Парижские волнения следует поставить в один ряд с еще одним типом насилия, которое либеральное большинство сегодня считает угрозой нашему образу жизни: прямыми террористическими нападениями, включая нападения смертников. В обоих случаях насилие и противодействие ему образуют смертельный порочный круг, порождая те самые силы, с которыми они пытаются бороться. В обоих случаях мы имеем дело со слепыми passages à l'acte, в которых насилие служит неявным признанием бессилия. Разница в том, что в отличие от парижских вспышек, которые были «нулевой степенью протеста», вспышкой насилия, которая ничего не хотела, террористические нападения совершаются во имя некоего абсолютного Смысла, представляемого религией. Их главная цель — весь западный безбожный образ жизни, основанный на современной науке. Наука сегодня ведет соперничество с религией, поскольку она служит двум глубоко идеологическим потребностям, надежды и цензуры, которые традиционно были предметом заботы религии. Опять-таки, цитируя Джона Грэя:
«Только наука способна заставить еретиков замолчать. Сегодня она является единственным институтом, способным претендовать на авторитет. Подобно Церкви в прошлом, она обладает властью топтать или маргинализировать независимых мыслителей. С точки зрения каждого, кто ценит свободу мысли, это обстоятельство может быть прискорбным, но это, несомненно, главный источник привлекательности науки. Наука служит для нас убежищем от сомнений, обещая — и в какой-то мере исполняя — чудо свободы от мысли, тогда как церкви стали пристанищами для сомнений»4.
Речь идет не о науке как таковой, а о том, как наука функционирует в качестве социальной силы и идеологического института: на этом уровне ее функция состоит в том, чтобы обеспечивать уверенность, служить точкой отсчета, от которой можно отталкиваться, и давать надежду. Новые технические изобретения помогут нам побороть болезнь, продлить жизнь и т. д. В этом измерении наука является тем, что Лакан называл «университетским дискурсом» в чистом виде: знание, «истиной» которого является господствующее означающее, то есть власть5. Наука и религия поменялись местами: наука сегодня обеспечивает защиту, которую раньше гарантировала религия. В результате любопытного превращения религия является одним из возможных мест, откуда можно высказывать критические сомнения относительно сегодняшнего общества.

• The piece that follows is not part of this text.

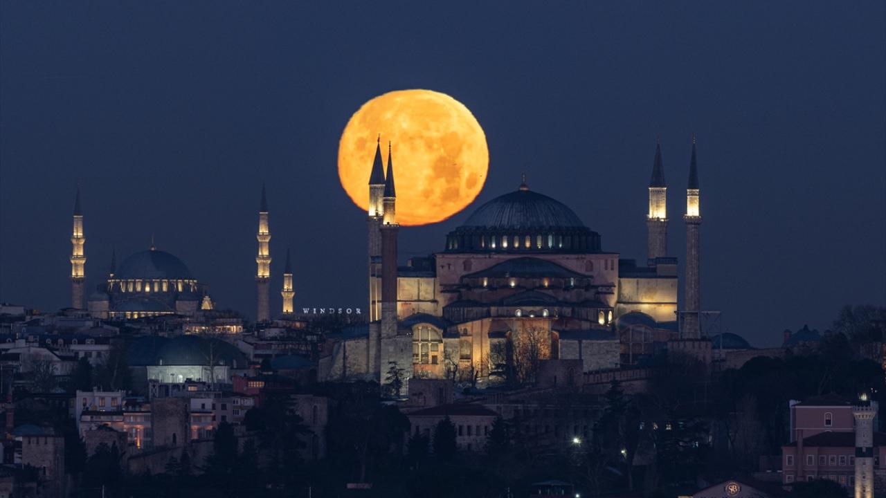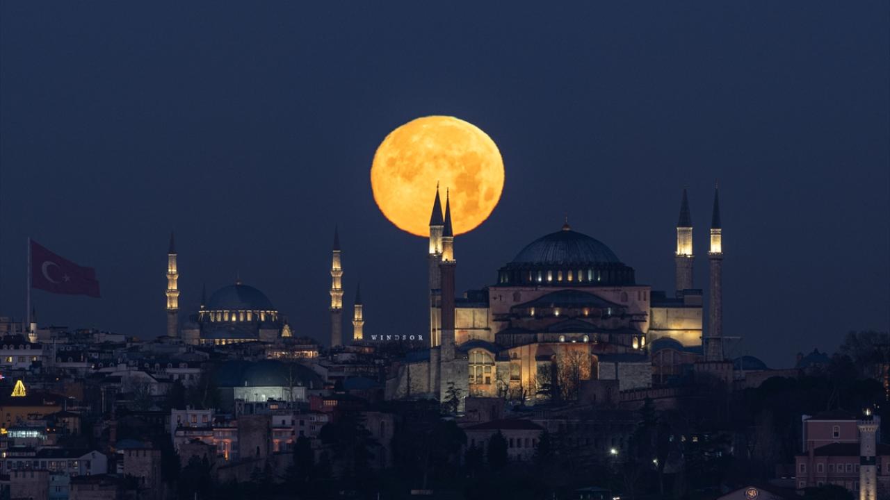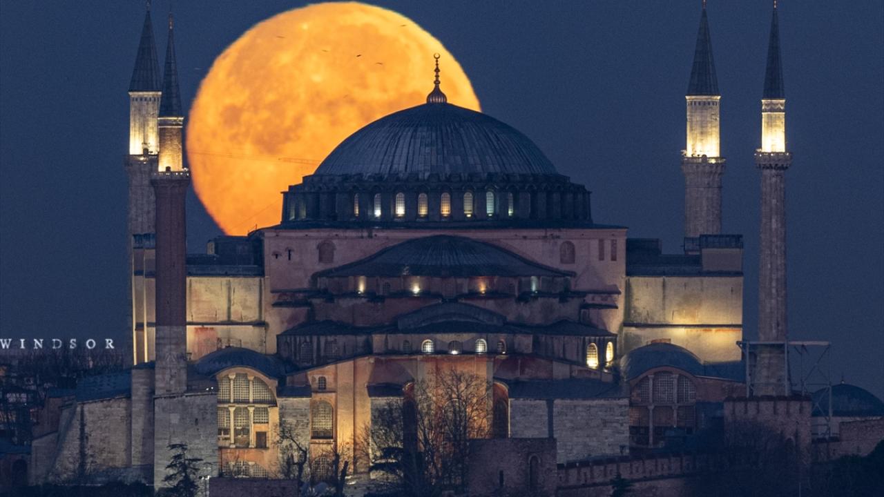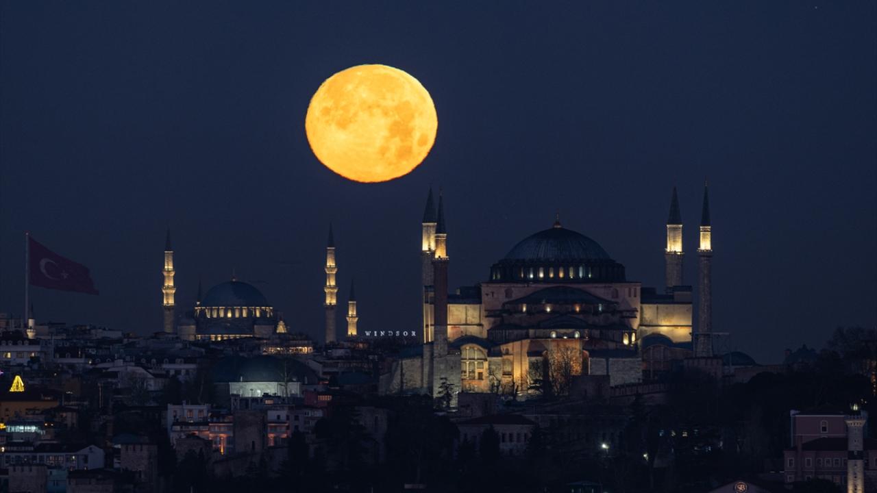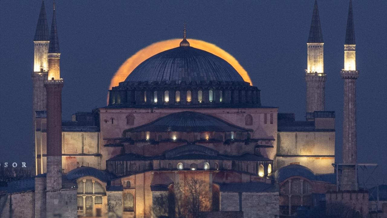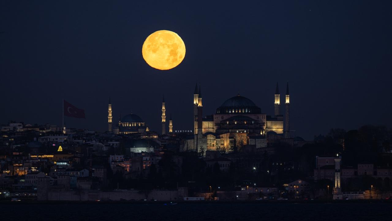 İstanbul'da dolunay, Ayasofya-i Kebir Camii Şerifi ile birlikte görüntülendi.

Она стала одним из мест сопротивления. «Безмирность» капитализма связана с этой гегемонистской ролью научного дискурса в современную эпоху. Уже Гегель ясно выделял эту черту, отмечая, что для нас, современных людей, искусство и религия больше не являются тем, что вызывает у нас абсолютное благоговение: мы можем восхищаться ими, но мы больше не преклоняем колени перед ними, наши сердца на самом деле не с ними. Такого почтения заслуживает только наука, концептуальное знание. И только психоанализ в состоянии очертить контуры разрушительного воздействия современности, то есть капитализма в сочетании с гегемонией научного дискурса, на символические идентификации, составляющие основание нашей идентичности. Не удивительно, что современность привела к так называемому кризису смысла, то есть распаду связи или даже тождества Истины и Значения.
Поскольку в Европе модернизация растянулась на столетия, у нее было время для того, чтобы приспособиться к этому разрыву, смягчить его разрушительное воздействие при помощи Kulturarbeit, работы культуры. Постепенно появлялись новые социальные нарративы и мифы. Некоторые другие общества, особенно мусульманские, напрямую испытали на себе такое воздействие, не имея защитного экрана или временной отсрочки, вследствие чего их символическая система пострадала гораздо сильнее. Они утратили свои (символические) основания и не имели времени для того, чтобы установить новое (символическое) равновесие. В таком случае надо ли удивляться, что единственным способом, позволявшим некоторым из этих обществ избежать полного краха, было паническое возведение щита «фундаментализма», этого психотического, бредового и инцестуозного повторного утверждения религии в качестве прямого прозрения божественного Реального со всеми ужасающими последствиями, которые влечет за собой такое повторное утверждение — включая полное возвращение непристойного божественного Сверх-Я, требующего жертв.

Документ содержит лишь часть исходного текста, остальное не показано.